What you are asked to do: Look through the data below. Collect every line where the word "with" occurs.

Given records:
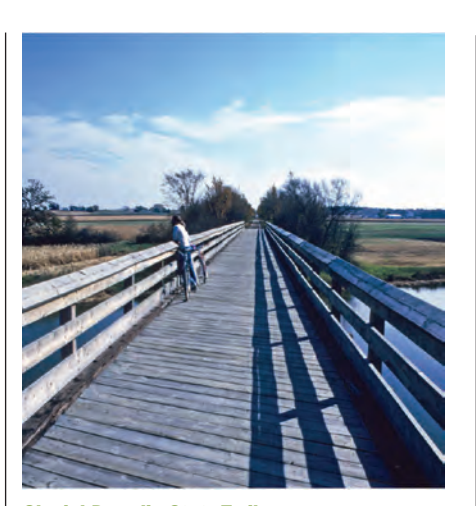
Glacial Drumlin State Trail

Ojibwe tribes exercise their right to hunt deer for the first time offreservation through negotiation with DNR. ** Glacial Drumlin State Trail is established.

--

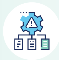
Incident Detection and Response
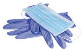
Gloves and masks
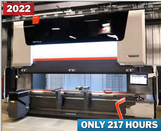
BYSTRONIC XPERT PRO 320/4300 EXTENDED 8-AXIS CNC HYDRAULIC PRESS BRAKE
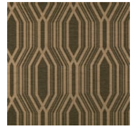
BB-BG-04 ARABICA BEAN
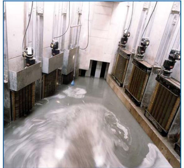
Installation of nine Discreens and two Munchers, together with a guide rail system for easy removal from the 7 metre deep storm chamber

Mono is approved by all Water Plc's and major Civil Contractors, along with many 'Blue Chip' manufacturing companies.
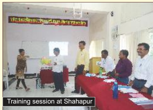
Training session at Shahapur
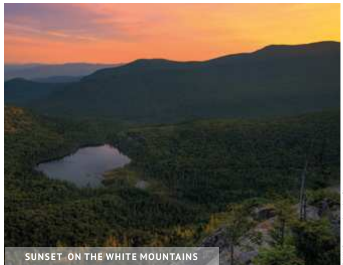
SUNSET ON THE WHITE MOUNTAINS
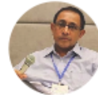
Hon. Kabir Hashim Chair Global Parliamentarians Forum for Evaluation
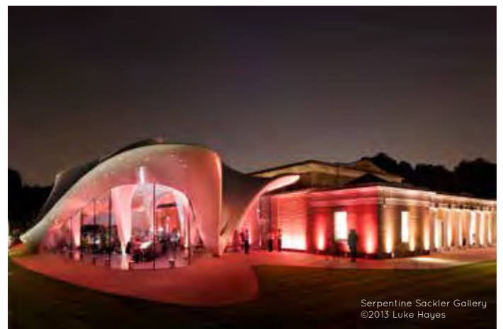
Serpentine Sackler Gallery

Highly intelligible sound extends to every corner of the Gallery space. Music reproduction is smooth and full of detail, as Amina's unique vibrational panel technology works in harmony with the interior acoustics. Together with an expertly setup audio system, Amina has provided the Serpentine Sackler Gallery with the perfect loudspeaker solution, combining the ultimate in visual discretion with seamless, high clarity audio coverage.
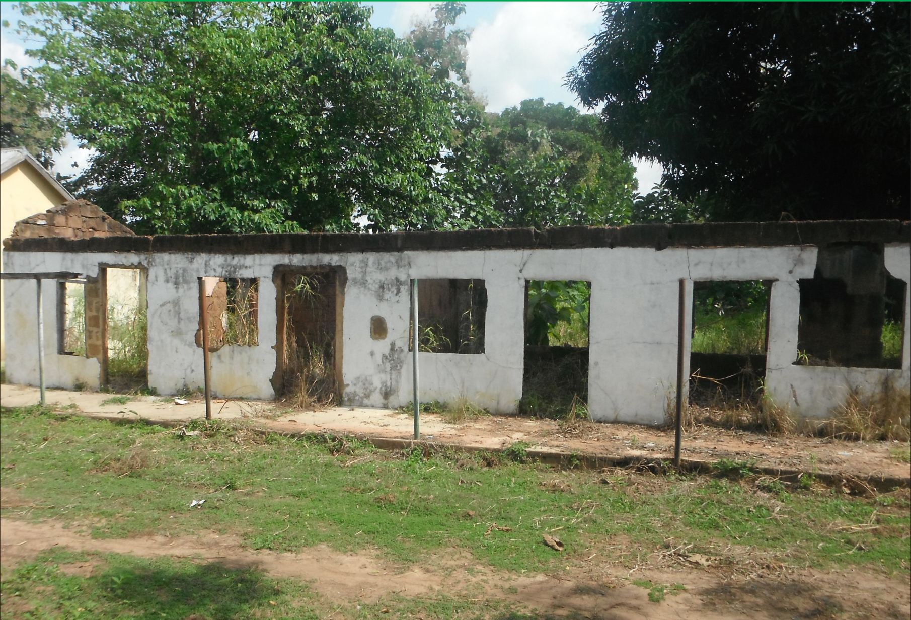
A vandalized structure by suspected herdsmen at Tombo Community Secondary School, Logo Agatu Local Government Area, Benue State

Response to the task:
Ojibwe tribes exercise their right to hunt deer for the first time offreservation through negotiation with DNR. ** Glacial Drumlin State Trail is established.
Installation of nine Discreens and two Munchers, together with a guide rail system for easy removal from the 7 metre deep storm chamber
Mono is approved by all Water Plc's and major Civil Contractors, along with many 'Blue Chip' manufacturing companies.
Highly intelligible sound extends to every corner of the Gallery space. Music reproduction is smooth and full of detail, as Amina's unique vibrational panel technology works in harmony with the interior acoustics. Together with an expertly setup audio system, Amina has provided the Serpentine Sackler Gallery with the perfect loudspeaker solution, combining the ultimate in visual discretion with seamless, high clarity audio coverage.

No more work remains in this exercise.